Nicole Verschoore, L’énigme Molo

Tempo fugit

Nicole VERSCHOORE, L’énigme Molo, Le Cri, 2009

verschoore l enigme moloNicole Verschoore, née à Gand et docteur en philosophie et lettres, nous livre un texte aux tonalités nostalgiques, teintés des réminiscences. Un texte composé de différentes parties qui évoque dans L’énigme Molo, titre donné à la section la plus importante du recueil, un monde adulte et bourgeois du début du XX e siècle. Un monde fermé déployant des préceptes rigides et froids, basé sur des convictions qui animent des existences vides et froides. Des qui connaîtront le drame universel, bien au-delà de l’univers clos d’Audenaerde, celui de la deuxième guerre mondiale.

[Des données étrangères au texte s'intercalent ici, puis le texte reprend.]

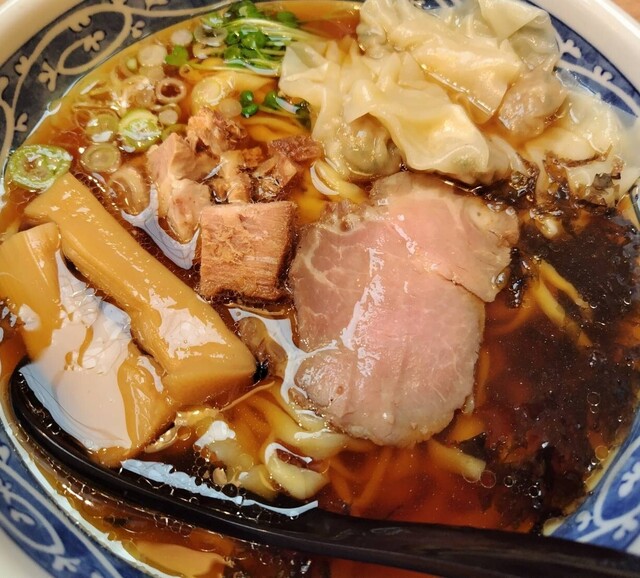 麺は細麺、具は豚チャーシュー、サイコロ状の鮪チャーシュー、メンマ、岩のり、刻みねぎ。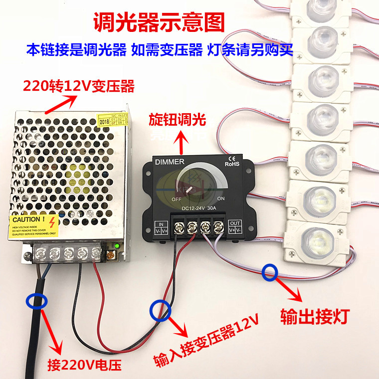 LED High Power Dimmer 12-24V 30A Brightness Regulator Light Box Door Head Advertising Light Strip Sign-Taobao

Molo est la grand-mère de la narratrice qui échappe à la rigueur du monde adulte et à ses convictions implacables. Elle cette femme hors normes qui a vécu le drame, quasiment caricatural du milieu bourgeois, celui de l’amour trompé et du mari adultère. Un drame intime tellement répandu qu’il appartient aux genres des « traditions » sur lesquelles se pose un voile d’acceptation collectif. Une découverte que la narratrice ne
fera qu’à l’âge adulte par recoupements et reconstitutions. Molo incarne pour ses petits enfants le monde de la fantaisie, de la fiction des lectures. Elle a le pouvoir de les emmener ailleurs, de susciter l’évasion dans un cercle familial contraignant marqué par l’austérité, les convenances et le cadenassé. Molo incarne aux yeux de l’enfance la
personne qui a tout compris et qui peut tout exprimer malgré sa surdité. Coupée du monde, elle représente le seul monde qui vaille la peine, le seul monde vivable qui échappe à toute solitude, la plus profonde vécue dès l’enfance celle d‘être seule parmi les siens. Molo, la femme rejetée à cause de sa surdité, mais protégée par elle, parle sans voix, s’exprime dans un langage codé, transformé, que seuls les enfants comprennent. Molo est en dehors des convenances et poursuit l’absolu des sentiments, l’engagement passionné et entier qui ne peut trouver place dans l’univers bourgeois fait de convenances et de principes où chaque être, chaque chose a sa place et ne peut y déroger au risque de se voir exclu, banni ou tout simplement nié.

La narratrice cheminant vers le monde adulte et qui devient elle-même adulte, voit sa perspective sur Molo changer. Molo devient progressivement Madeleine, un prénom qui renvoie à l’atmosphère proustienne teintée ici plus de nostalgie sur ce qui est perdu que joie face à ce qui est retrouvé. Molo apparaît alors aux yeux mêmes de la narratrice comme incongrue, elle perd de sa force et devient un sujet de tendre bienveillance. L’histoire familiale ne retient pas le comportement adultère du mari de Molo, mais son suicide causé par une ruine personnelle due à de mauvais placements financiers. Le monde adulte pose ses valeurs et établit ses jugements. A ses yeux, Molo n’a pas été la femme capable de soutenir son mari et de lui apporter son aide au moment où il en avait besoin. Madeleine est le personnage doublement coupable : premièrement de
ne pas être comme les autres et deuxièmement, surtout, de ne pas avoir fait comme les autres. Madeleine en dehors de tout moule ne peut que devenir Molo et se teinter d’un accent légèrement ridicule. A la fois fascinante et d’une force persistante, elle est la personne qui n’appartient pas au même monde et de laquelle la narratrice se détache
pour mener sa propre vie et asseoir sa vision personnelle qui se déploie dans le reste du recueil sous un titre global Le long couloir vers la lumière composé lui-même de cinq sous-parties.

On peut regretter qu’à partir de ce moment le texte, qui continue à jouer sur la tonalité sépia des souvenirs familiaux, puisse avoir un côté éclaté et éparpillé. Une caractéristique qui gagne l’écriture elle-même qui se fait moins narrative et devient plus fragmentaire, quittant le genre de la nouvelle pour s‘aventurer en quelque sorte vers celui de l‘essai. Les personnages se multiplient et le temps s’accélère pour mener le lecteur vers l’après mai 68, le temps des illusion perdues, des valeurs traditionnelles abolies qui laissant un goût légèrement amer et un sentiment vaguement, angoissé de vacuité. La narratrice se positionne dans ce monde en mouvement comme une observatrice. Œil ouvert sur les autres et le monde, elle poursuit son cheminement, traversant la vie, tentant de ne pas être altérée par les autres, un peu à l’image de Molo.